The answer, according to McGilchrist, is that ‘We have to find a way of fixing [experience] as it flies, stepping back from the immediacy of experience, stepping outside the flow’ (p.30).  The evidence that we do this in education is all around us. However, there is a danger in doing this if it results in an obsession with ‘fixing’ such that our experience is fragmented, and knowledge is always broken down into measurable ‘bits’ which can be tested, the assumption being that we can then tick that ‘bit’ off as known. Stepping ‘outside the flow of experience’ gives us a view of the world that is ‘explicit, abstracted, compartmentalised, fragmented [and] static (though its ‘bits’ can be re-set in motion, like a machine)…’ (p.93). Such a world is easier to manipulate and control, and makes us feel more powerful.

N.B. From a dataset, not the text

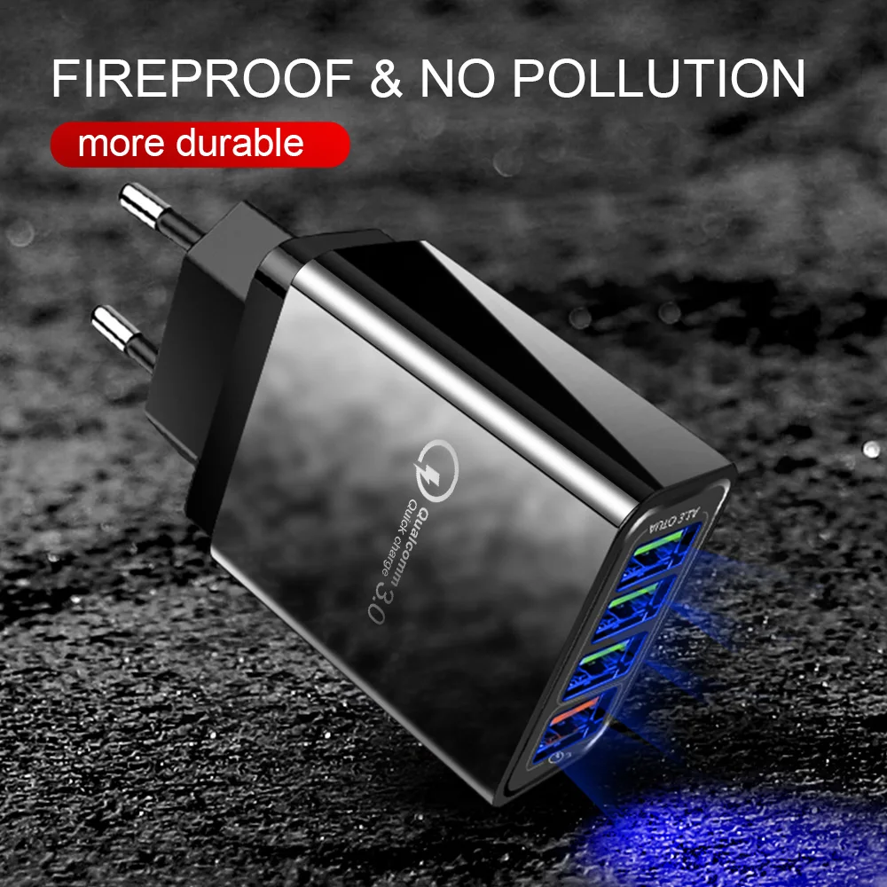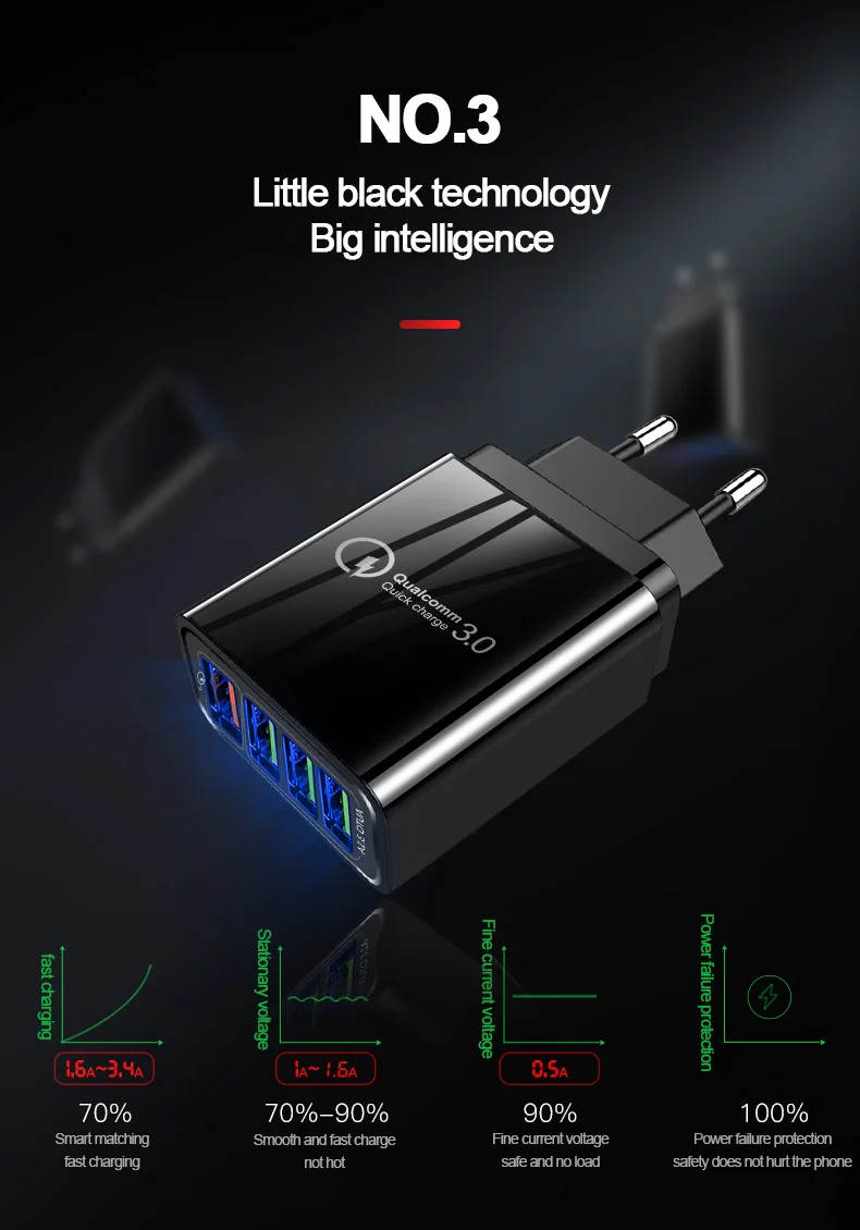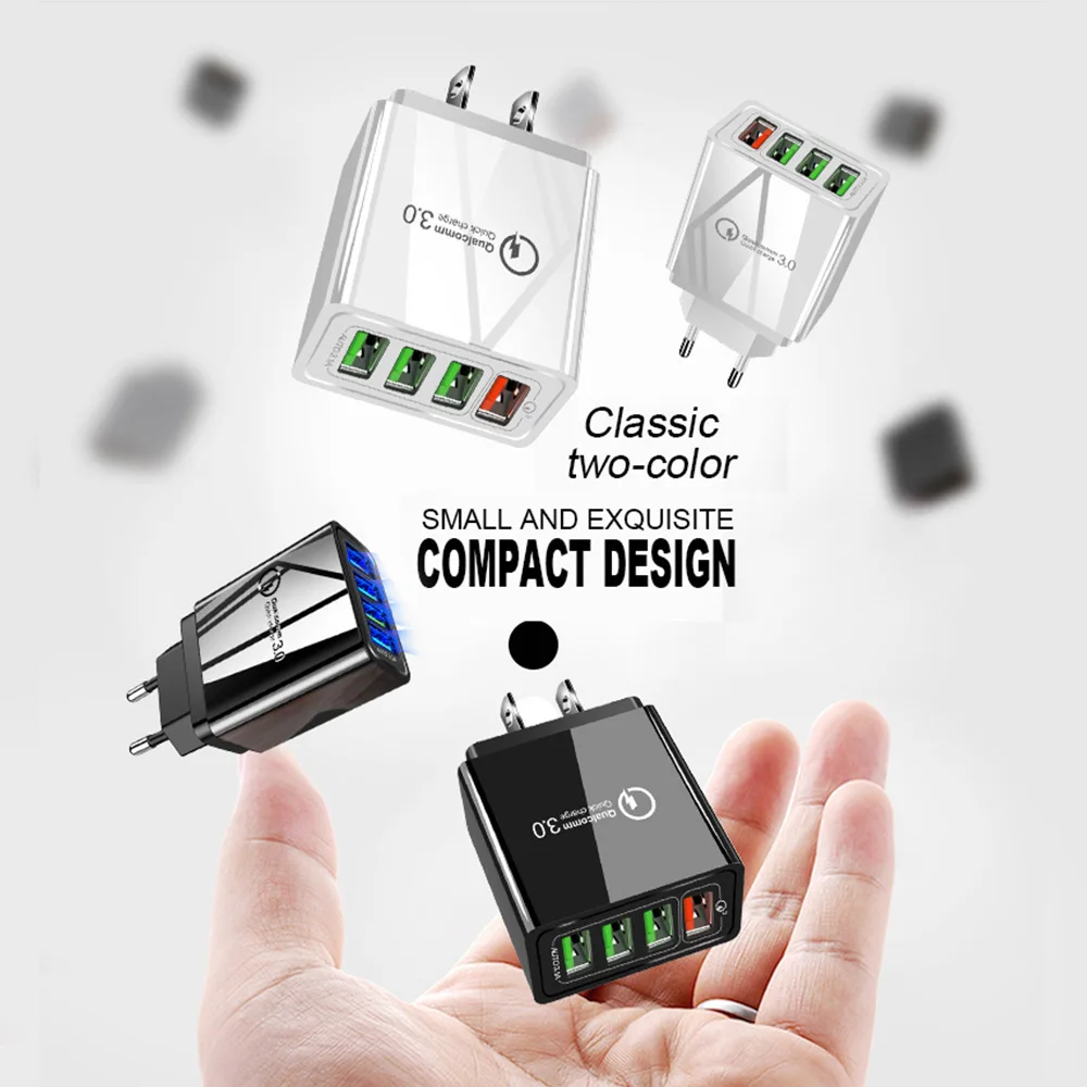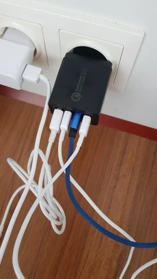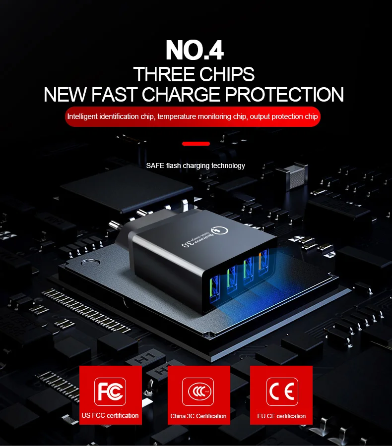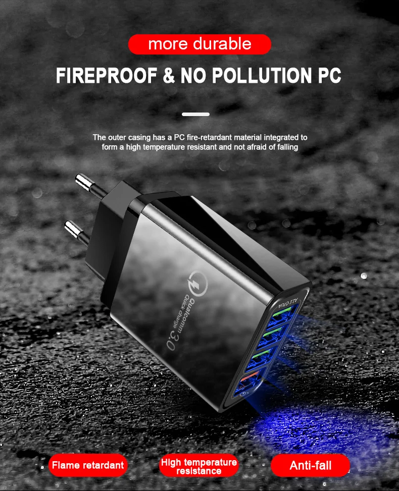 На самом деле Выход быстрой зарядки составляет 18 Вт, но добавляя ЧЕТЫРЕ s выход, если вы предоставляете 48 Вт, зарядное устройство имеет очень хорошее качество в его отделки
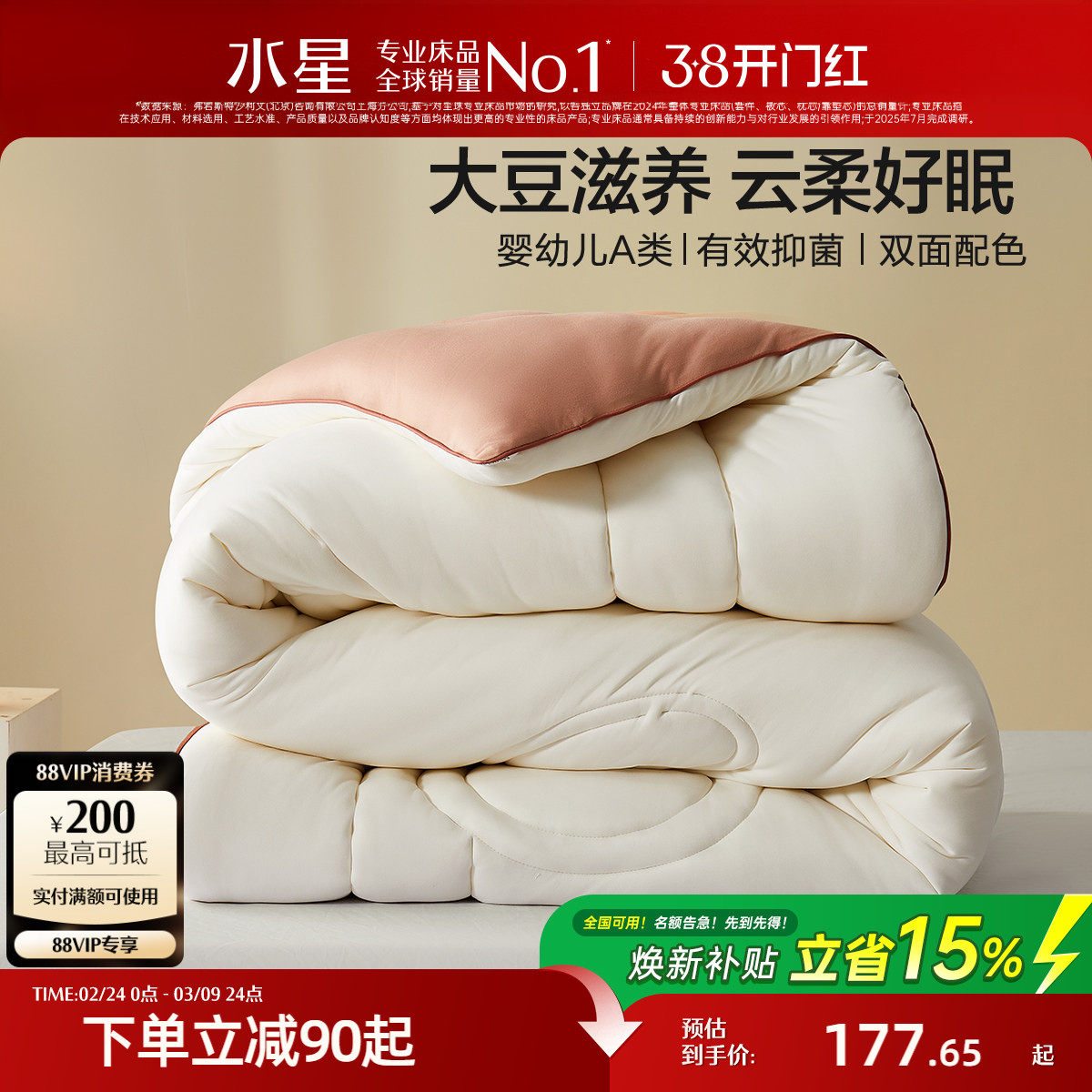 水星家纺抑菌大豆冬被保暖被子学生宿舍被芯四季被二合一被送礼

According to McGilchrist, the problem is that, whilst we need to ‘step back from the immediacy of experience’ to know anything, we tend to get ‘stuck’ in this view of the world which prioritises ‘clarity; detached, narrowly focussed attention; the knowledge of things as built up from the parts; sequential analytic logic as the path to knowledge; and […] detail over the bigger picture’ (p.177). As such we lose sight of the whole.

For McGilchrist experiencing ‘flow’ means experiencing the whole and understanding:

  • Empathy and intersubjectivity as the ground of consciousness
  • The importance of an open, patient attention to the world, as opposed to a wilful, grasping attention
  • The implicit or hidden nature of truth
  • The emphasis on process rather than stasis,
  • The journey being more important that the arrival
  • The primacy of perception
  • The importance of the body in constituting reality
  • And emphasis on uniqueness
  • The objectifying nature of vision
  • The irreducibility of all value to utility
  • Creativity as an unveiling (no-saying) process rather than a wilfully constructive process.
  • The challenge for educators is how to reconcile the need to fix and test within a flow mindset.

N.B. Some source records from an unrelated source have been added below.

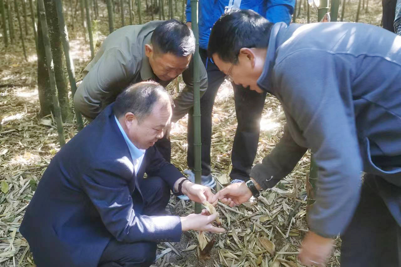 在高山村,刘肇军先深入方竹笋基地,详细了解方竹笋的长势和改造、方竹笋采收和加工及森林防火等工作,与方竹笋产业大户进行面对面交流,然后查看了近年来学校支持帮扶产业路、机耕道的建设和管理维护情况。
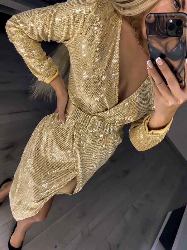 ❤️🔥 Нова колекція суконь ❤️🔥 Неймовірна сукня міді на запах, розшита дрібною паєткою Запах на кнопці Пояс в комплекті Сукня на підкладці Колір: золотий S, М, L Довжина 116 cm Рукав 55
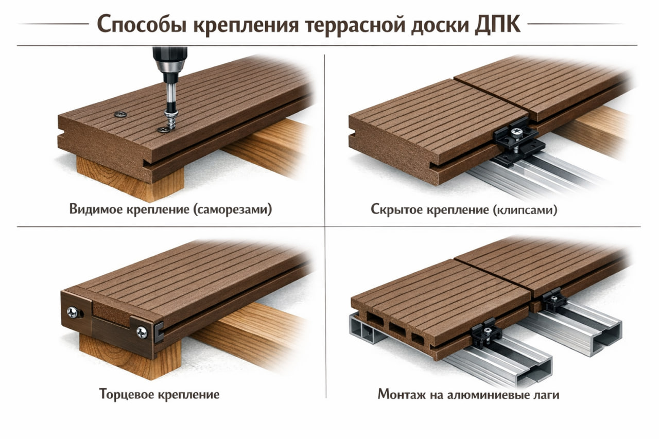 Важно помнить: итоговая несущая способность настила зависит не только от доски, но и от правильно смонтированной подконструкции. Лаги из алюминия или того же ДПК, правильный шаг и надёжное крепление к основанию — залог долговечности всей террасы.
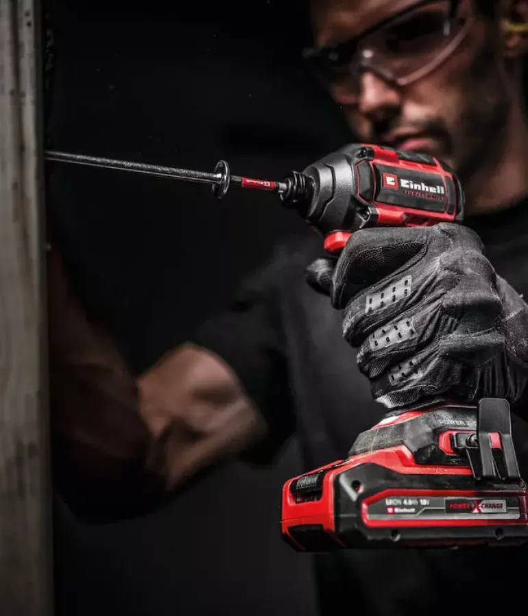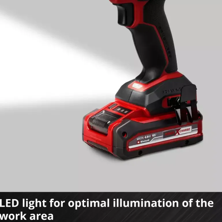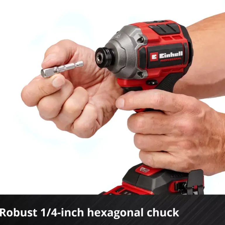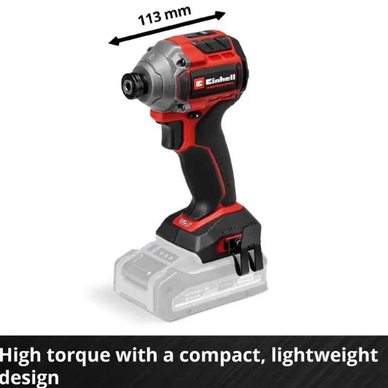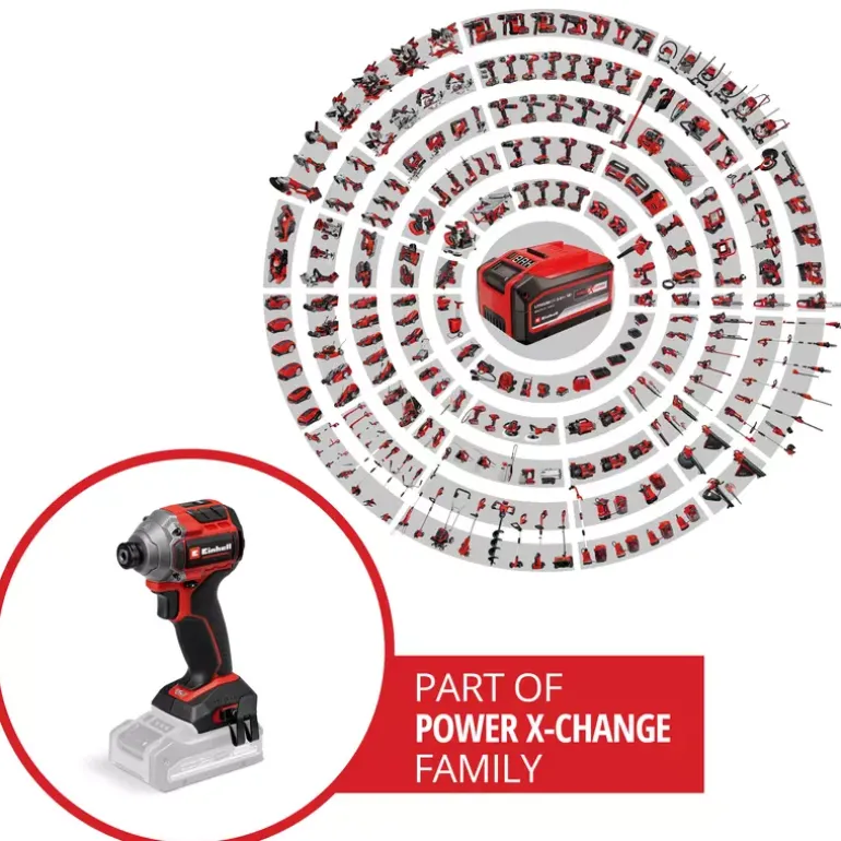 The Einhell Professional cordless impact wrench TP-CI 18/250-C Li BL-Solo is a powerful member of our Power X-Change family. As a member of our Power X-Change family, this cordless impact wrench can be combined with any battery and charger from the system series. The tool is driven by an Einhell brushless motor. This brushless motor provides more power and longer running times than a conventional carbon brush motor. Once you register online, there is a 10-year warranty on the brushless motor. Compact, lightweight and yet powerful: This cordless impact wrench is designed to be around 30% more compact than similar impact wrenches. This makes it as flexible as possible and handy to use. With its powerful impact mechanism, screwing in large and long screws is the easiest thing for this screwdriver to handle. This professional impact wrench features a ¼” (6.35 mm) internal hexagon chuck and provides a max. 250 Nm of torque level. Torque level and speed can be perfectly adapted to the respective material across three settings. In particular, this makes for gentle handling of soft and delicate materials. For optimum visibility of your working area, the screwdriver has an integrated LED light. In order to quickly have both hands free while working, a belt clip is provided for easy interim storage of your cordless impact wrench on your belt. The tool does not include a battery or charger; these are available separately.

McGilchrist has always stressed the importance of ‘both/and’ thinking, as opposed to the ‘either/or’ thinking, which seems to dominate much of our work in education. He tells us that for strength and stability, and to avoid fragmentation and disintegration, we need to be able to hold opposing ideas in dynamic equilibrium, an idea that seems particularly relevant to current times. He illustrates what he means by this with an image of the taut string of a bow or lyre (p. 270):

The taut string, its two ends pulling apart under opposing forces, that for bow or lyre is what gives its vital strength or virtue, is the perfect expression of a dynamic, rather than static, equilibrium. This holding of movement within stasis, of opposites in reconciliation, is also imaged in Heraclitus’ most famous saying, that ‘all things flow’. Stability in the experiential world is always stability provided by a form through which things continue to flow’.  

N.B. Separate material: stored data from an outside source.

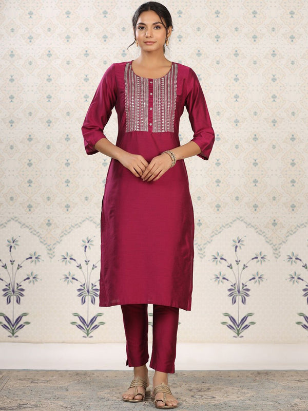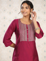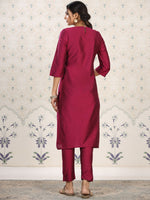 Ode by House of Pataudi Yoke Design Embroidered Kurta with Trousers Product Details Magenta embroidered Kurta with TrousersKurta design: Yoke ...
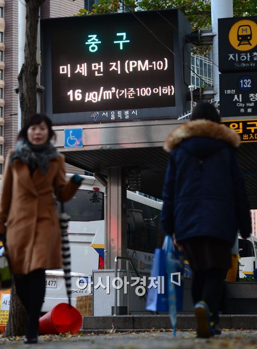 [아시아경제 백소아 기자] 가을비가 지나간 25일 서울 중구 서울광장 일대에 전광판에 미세먼지 농도가 정상치를 표시하고 있다.
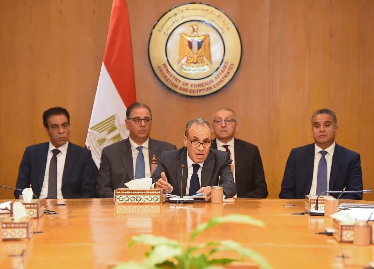 في إطار اهتمام الدولة بأوضاع المصريين في الخارج والحرص على تعزيز التواصل معهم وتطوير الخدمات المقدمة لهم، عقد د. بدر عبد العاطي وزير الخارجية والتعاون الدولي والمصريين بالخارج اجتماعاً تنسيقياً بمشاركة كل من السيد محمد عبد اللطيف وزير التربية والتعليم والتعليم الفني، والمهندس رأفت هندي وزير الاتصالات وتكنولوجيا المعلومات، والدكتور عبد العزيز قنصوة وزير التعليم العالي والبحث العلمي، إلى جانب ممثلين عن وزارات الدفاع والداخلية والمالية والإسكان والمجتمعات العمرانية والكهرباء والطاقة المتجددة والبنك المركزي، وذلك لبحث عدد من الموضوعات المتصلة بشئون المصريين في الخارج وسبل تطوير آليات التعامل معها.
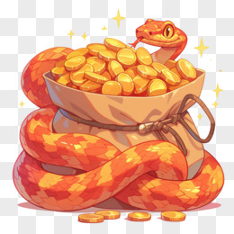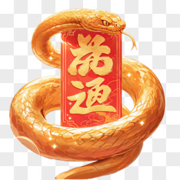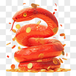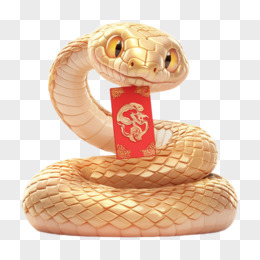 3D立体新年白色蛇和红色福袋金币免抠元素
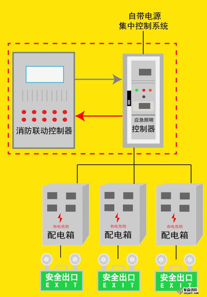 (2)自帶電源集中控制系統(tǒng)應由火災報警控制器或消防聯(lián)動控制器啟動應急照明控制器實現(xiàn)。
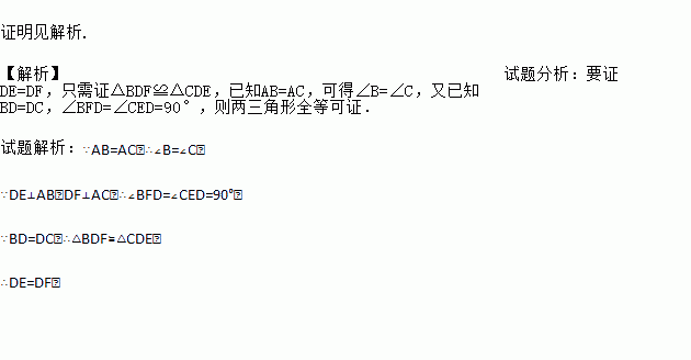 如图,AB=AC,BD=DC,DF⊥AB,DE⊥AC,垂足分别是F,E.求证:DE=DF.

An education system which focused more on ‘both/and’ thinking and seeing the world as being in continuous ‘flow’, would need what McGilchrist has called ‘a change of heart’. Amongst other considerations, there would need to be less fragmentation and measurement, a greater focus on process, connection and context, an appreciation of depth, a tolerance for ambiguity and uncertainty and a view of the world as embodied rather than conceptual. From this perspective knowing would be seen as an emergent process, rather than fixed. Is such a paradigm shift achievable, or have we already stepped so far out of the flow of experience that we have lost sight of the importance of also viewing the world from a perspective of ‘flow’?

References

Beard, K.S. (2014). Theoretically Speaking: An Interview with Mihaly Csikszentmihalyi on Flow Theory Development and Its Usefulness in Addressing Contemporary Challenges in Education. Educ Psychol Rev. 27, 353-364

McGilchrist, I. (2009). The Master and his Emissary. The Divided Brain and the Making of the Western World. Yale University Press.